Aos gritos de ‘greve’, ‘greve’, a categoria reafirmou a presença de todos na assembleia de hoje, no Petropolitano, sinalizando que retomará a paralisação por tempo indeterminado caso Mustrangi insista nas propostas rebaixadas.
Os servidores continuam em estado de greve. Além do reajuste salarial e condições dignas de trabalho, as categorias querem planos de carreira implantados a partir de uma discussão com todos os trabalhadores, e não imposta ‘de cima para baixo’. Ao encerrarem a manifestação em frente à Prefeitura, os trabalhadores cantaram as palavras de ordem ‘‘a greve continua, prefeito a culpa é sua’, mostrando sua indignação com o não atendimento de sua pauta.
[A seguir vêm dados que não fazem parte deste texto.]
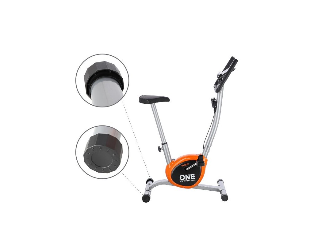 Mechanický volič umožňuje plynulé nastavení zátěže, pohodlné sedlo je výškově nastavitelné do 6-ti poloh, pedály jsou opatřeny řemínky a jejich délku lze nastavit pomocí suchého zipu. Tyto prvky jsou zárukou komfortního tréninku. Díky absenci zátěžového kola je rotoped lehký, má pouze 9,4 kilogramu, a lze ho snadno přenášet. Výškově nastavitelné koncovky na zadním stabilizátoru umožňují vyrovnání trenažéru do roviny. Vzhledem ke konstrukci je mechanický rotoped ONE Fitness RW3011 vhodný pro doplňkový trénink, nebo jako vedlejší pohybová aktivita, nosnost je 100 kg.
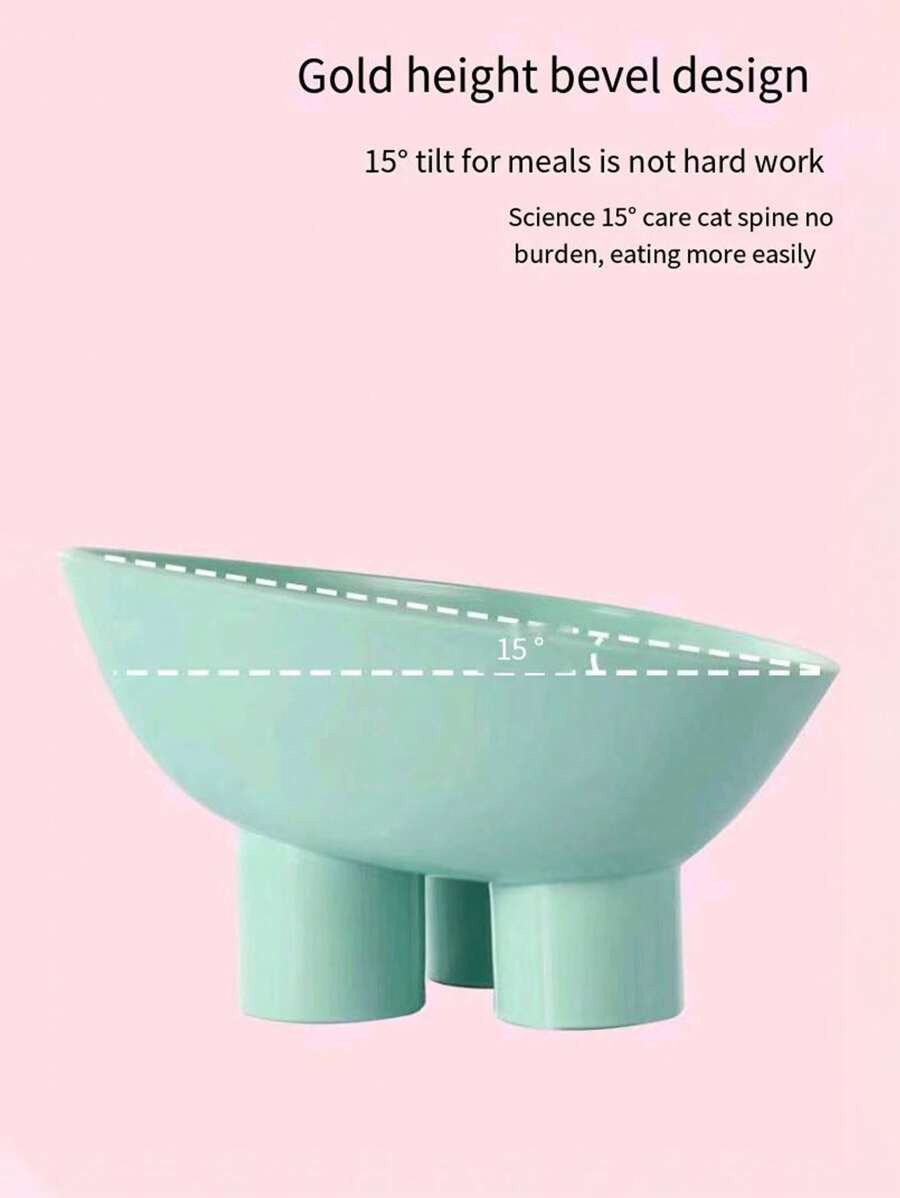 1pc Raised Cat Bowl, Tilted Elevated Cat Feeder Bowl With Neck Protection Riser, Plastic Cat Food & Water Bowl
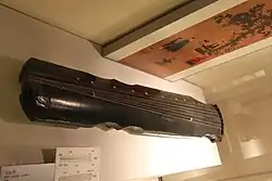 Each side of the drum represents a flag of the Manchu people.[18] Folkloric tradition dictates the drum's origin alongside the snare drum during the battles of the Eight Banner Military throughout the Qing Dynasty.[19] Traditionally the drum is often played whilst dancing and is accompanied by a harpist and a singer who recount traditional Chinese stories.[19] The Beijing Monochord Danxian is also commonly accompanied by the Baijiao.[17]

Entrega da gestão do Alcides Carneiro é denunciada
Durante a passeata de ontem, Esther Mendonça denunciou o convênio firmado pela prefeitura de Petrópolis, na gestão anterior, que entregou a gestão do Hospital Alcides Carneiro (unidade pública municipalizada) à Faculdade de Medicina de Petrópolis e Faculdade Arthur Sá Earp Neto (FMP/FASE), que, segundo ela, constituem uma Organização Social (OS) de caráter privado. “Ninguém conhece esse contrato de gestão e a população não tem controle sobre os atendimentos feitos ali. A entrega do Alcides Carneiro é parte da privatização da saúde, um convênio que consome R$ 1,2 milhão de reais ao mês. O prefeito Mustrangi diz que não tem dinheiro para o nosso reajuste, mas como paga àquela instituição privada para administrar um hospital público ?”, questiona ela, que também critica as relações trabalhistas adotadas no convênio. “Hoje somente 20% dos servidores do Alcides Carneiro são estatutários, que ganham R$ 418,00 de salário-base, enquanto os contratados recebem mais de mil reais. Queremos saber por que essa diferença de tratamento”.
Servidores criticaram a não criação, na Câmara Municipal, de uma CPI (Comissão Parlamentar de Inquérito) para investigar o convênio que entregou o Alcides Carneiro à FMP-FASE.